国際自然保護連合(IUCN、本部・スイス)が世界の絶滅危惧種をまとめたレッドリストの最新版を公表した。マダガスカルに生息するキツネザルの仲間、ヨーロッパハムスター、日本人になじみ深いマツタケなどが絶滅危惧種に認定された。
レッドリストは絶滅の恐れがある生物の生息状況などを調べて分類したリスト。世界的に信頼度が高いリストはいくつかある中で、1966年に最初に作成され、その後更新されてきたIUCNのリストが最も権威があるとされる。レッドリストには12万種以上の生物が掲載され、最新リストではそのうちの3万2411種が絶滅危惧種に認定されている。絶滅危惧種はその危急度に応じて3ランクに分類されている。
IUCNが9日公表した最新リストによると、マダガスカルに生息することで知られるキツネザルの仲間107種のうち103種が絶滅危惧種とされ、うち33種が絶滅危惧種3ランク中、最も深刻な危急度1番目のランクに認定された。IUCNは「焼き畑農業などによる森林破壊や違法な狩猟が主な原因」としている。また欧州中部地域に生息し、日本にも輸入されることがあるヨーロッパハムスターも危急度1番目にランクされた。

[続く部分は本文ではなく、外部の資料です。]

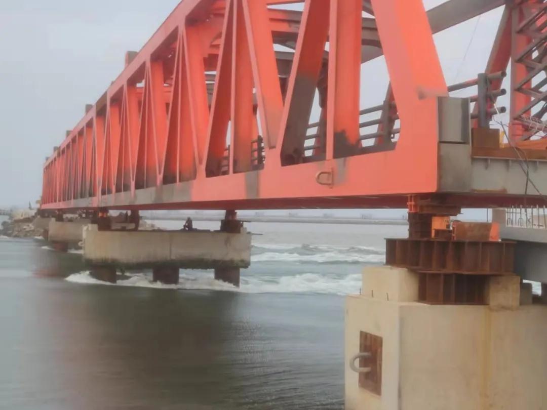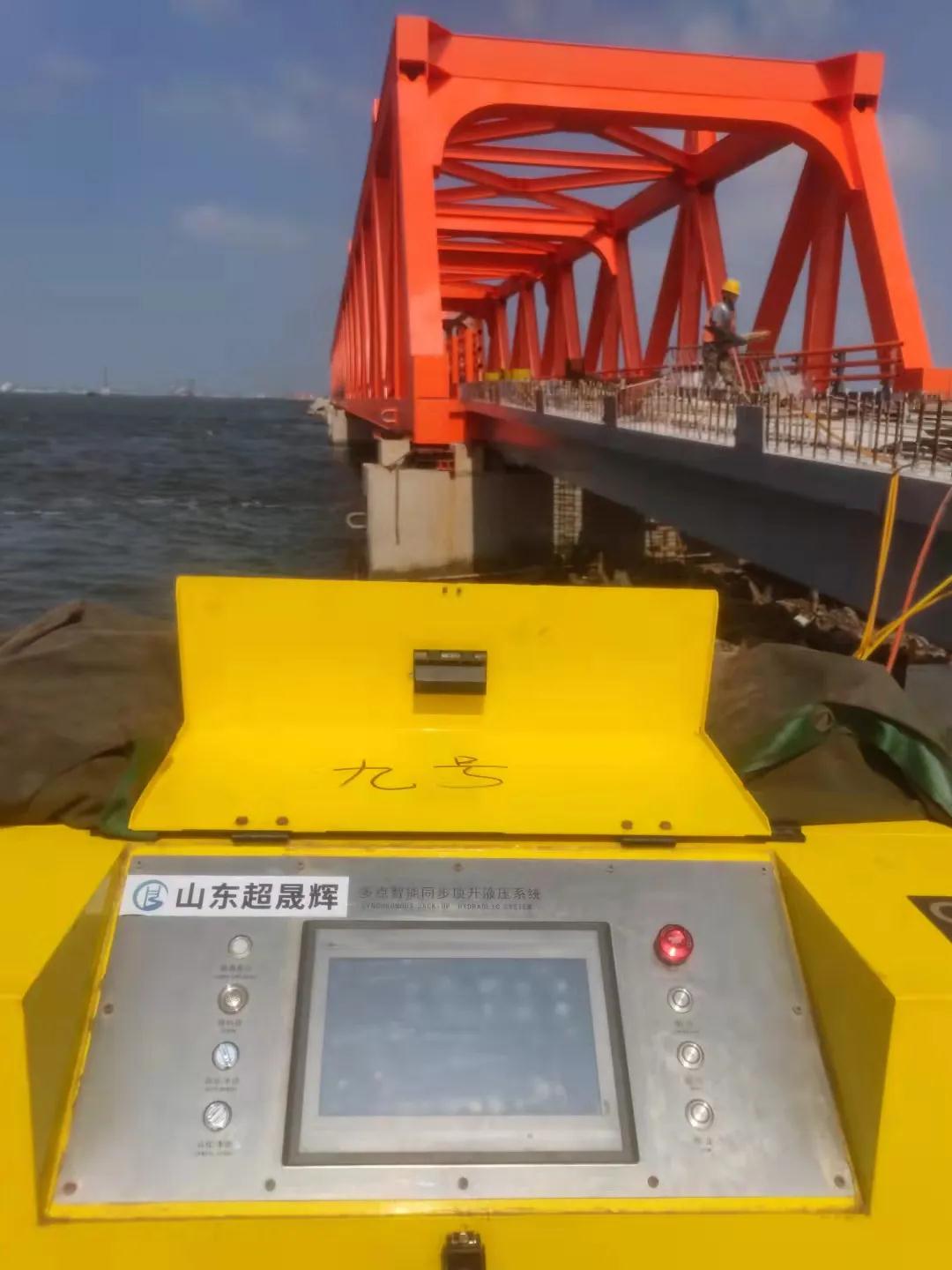 此次工程由中交三航局承建,山東超晟輝負(fù)責(zé)大橋鋼箱梁頂推及卸載工程所需設(shè)備、勞務(wù)及技術(shù)服務(wù)。工程已于9月15日安全順利完工。
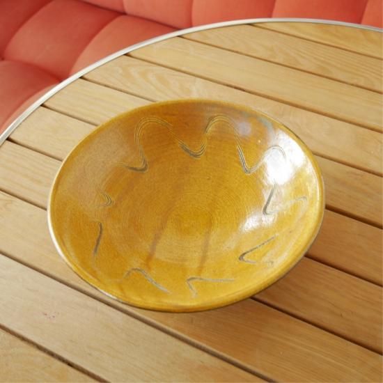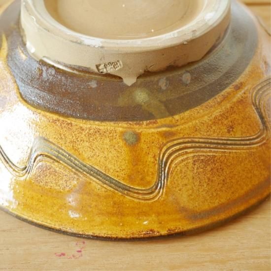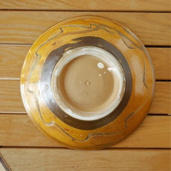 お皿の中央付近に白い目の無い上乗せ分になります。朝夫窯の茶色のお皿は、上乗せ分のみなので数の少ない貴重な1枚です。シンプルに櫛目だけの裕之さん定番の人気の有る物の山吹色タイプで少しマットな質感が趣ある仕上がりとなっています。

日本に関連する動物、植物では、高級キノコ食材であるマツタケが初めて絶滅危惧種に認定された。3ランクのうち3番目のランクだ。マツタケはアカマツなどの根に菌が付いて成長する。日本や中国、韓国などアジアのほか北欧などにも分布する。
IUCNはマツタケが分布する松林の面積が過去50年間で3割以上減ったと推定。松枯れや伐採などにより松林が減少していることなどから、マツタケの生育量も減っていると評価した。マツタケについては、環境省がIUCNとは別に準絶滅危惧種に指定している。
国内で消費されるマツタケの9割以上が外国産。今回IUCNのレッドリスト入りしたが、絶滅危惧種に指定されるだけでは国際取引は規制されない。